Blind Spot Looming for Weather Satellites That Predicted Sandy

Blind Spot Looming for Weather Satellites That Predicted Sandy
A satellite image of Hurricane Sandy as it moved inland across the mid-Atlantic region on October 30, 2012 in the Atlantic Ocean. Photograph: NASA via Getty Images

Forecasters who warned of devastation before the biggest Atlantic storm in history hit the East Coast may be staring into a dimmer crystal ball four years from now.

A weather satellite system under development has struggled with delays and costs that have soared to $12.9 billion. The result is that the U.S. will probably have a blind spot in the system by the end of 2016, with one polar satellite reaching the end of its life before a replacement can be launched.

The coverage gap may last as long as 4 1/2 years and lead to “less accurate and timely weather prediction models used to support weather forecasting,” government auditors said in June. A replacement satellite won’t launch soon enough to plug the hole, said David Powner, director of information technology management issues at the Government Accountability Office.

“You get to a point where you can’t buy back schedule,” he said in a telephone interview. “I think everyone has agreed that’s the case.”

The polar satellite with the fading lifespan is part of a program run by the Commerce Department’s National Oceanic and Atmospheric Administration, or NOAA, and the National Aeronautics and Space Administration. It’s among a constellation of U.S. and European orbiters supplying forecasters with up-to-date weather and climate information.

Severe Weather

Data from those satellites are used nationally to warn of severe weather events such as Sandy, the superstorm that cut electricity to 8 million customers and killed at least 75 people in the U.S.

The replacement satellite, one of two planned for the new Joint Polar Satellite System, was scheduled to launch in 2014 and has been delayed until at least 2017, Powner said. Based on the estimated life of the polar satellite already in orbit, forecasters should anticipate a data gap of between 17 and 53 months, according to written testimony Powner delivered to Congress in June.

The coverage hole would mean forecasters would have to rely on less frequent data used to develop weather models and warn of extreme events such as hurricanes.

“The polar data is very important to tracking storm intensity, speed and direction,” he said.

‘Mitigation Plan’

Powner said officials at the weather tracking agency have approved a “mitigation plan” to deal with the potential data gap, though they haven’t yet shared it with the GAO. John Leslie, a spokesman for NOAA, didn’t confirm whether a plan has been approved.
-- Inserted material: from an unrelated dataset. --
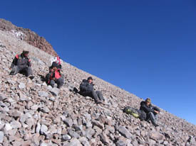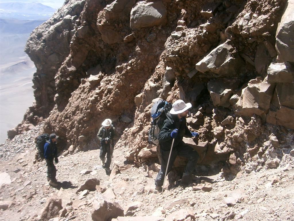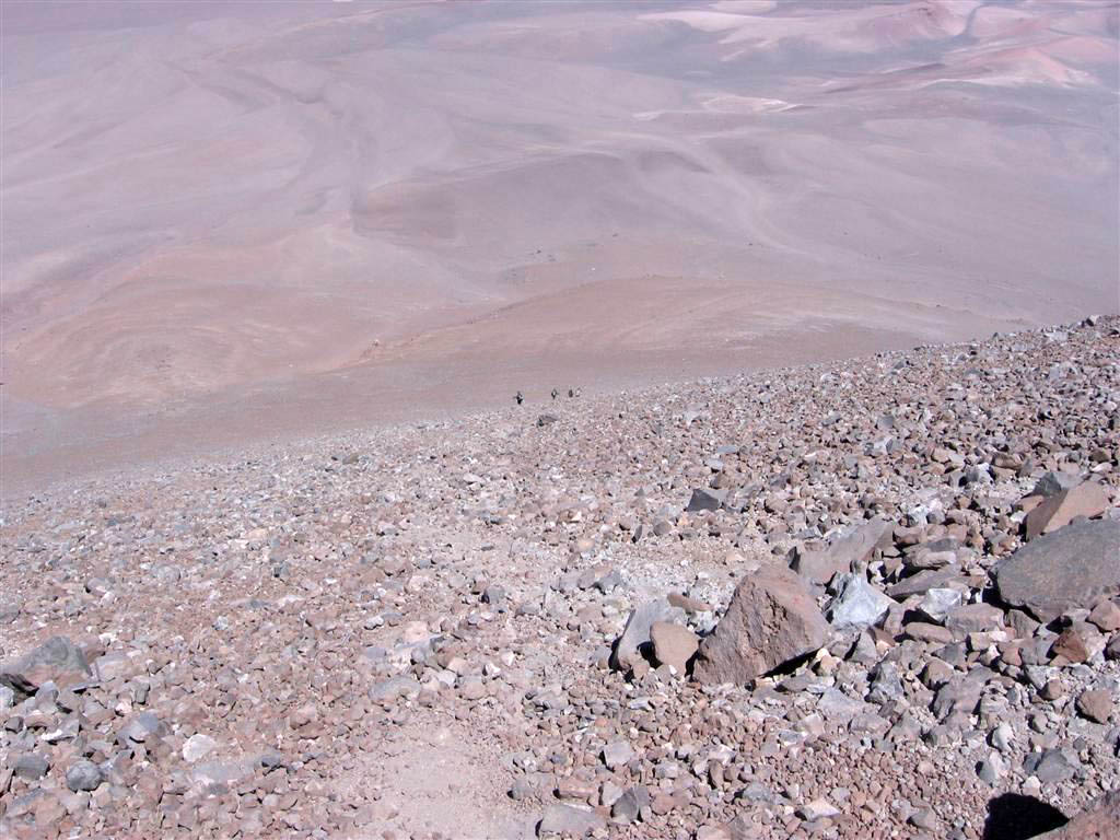 We are on for another good one of the day right there. It is absolutely out of the question to descend by the same route we came. No, instead we will take the central gully, as we do on Licancabur. There is a slight difference though...To see the floor of the gully from the rim, we have to really look down at our feet. The slope is so steep, it looks almost vertical...Macario goes ahead. The good news is that the material is pure sand and scree...The bad news is that this is nothing to hold a slope in place, especially with that kind of gradient. As a result, for almost every step we take, half the volcano comes down with us. Still, descending in this type of material is comfortable. We have to be careful about possible rocks hiding underneath the sand as they can make us trip. We descend fast. I am behind Macario and Matthieu is behind me. Eric, Cristian, Victor and Martin are a little behind but together. In one hour, the first three of us make it back to mid-camp, now empty, since the two other porters, Jaime and Barnabe who stayed behind broke camp and descended with all the equipment this morning.We sit there about 10 minutes. The second group is sitting a little higher in the slope but we can see them clearly and can communicate with them by radio.

Options for dealing with the gap include negotiating for more access to data from European satellites and increasing use of alternate data sources such as radar planes, Powner said.

Delays to the new polar satellite have frustrated some U.S. lawmakers.

“The program has had one problem after another,” said Representative Brad Miller, a Democrat from North Carolina and a member of the House Committee on Science, Space and Technology. “It’s had extreme cost overruns. It has been pushed back and pushed back and pushed back, and it’s hard to know exactly why it has been such a problem.”

The delayed launch is in part due to reduced funding for the satellite program in fiscal 2011, when the program received $382 million, instead of the $1.1 billion that was requested, NOAA officials said last year. The second polar satellite is scheduled to launch in 2022.

No Choice

The White House restructured the polar-orbiting satellite program in February 2010 after costs for the old program, known as the National Polar-Orbiting Operational Environmental Satellite System, had more than doubled to about $15 billion from a 2002 estimate of about $7 billion, according to a May 2010 GAO report.

NOAA officials have agreed to cap funding for the program at $12.9 billion through 2028, a threshold that is forcing the agency to remove some features from the planned satellite system, according to the GAO.

Contractors selected to work on the program include Ball Aerospace & Technologies, a unit of Broomfield, Colorado-based Ball Corp.; Raytheon Co., based in Waltham, Massachusetts; Northrop Grumman Corp., based in Falls Church, Virginia; and Exelis Inc., based in McLean, Virginia.

The replacement satellite is so crucial that even with the escalating costs, Congress had no choice but to continue funding it, Miller said.

“We couldn’t just pull the plug,” he said in a phone interview. “We couldn’t afford to give up on it. We had to have a satellite.”

Senator Barbara Mikulski, a Maryland Democrat who chairs a subcommittee that oversees NOAA’s budget, has proposed transferring authority for the program to NASA.

“The government needs a better way of building our weather satellites, because the status quo is unacceptable,” Mikulski said in an e-mailed statement.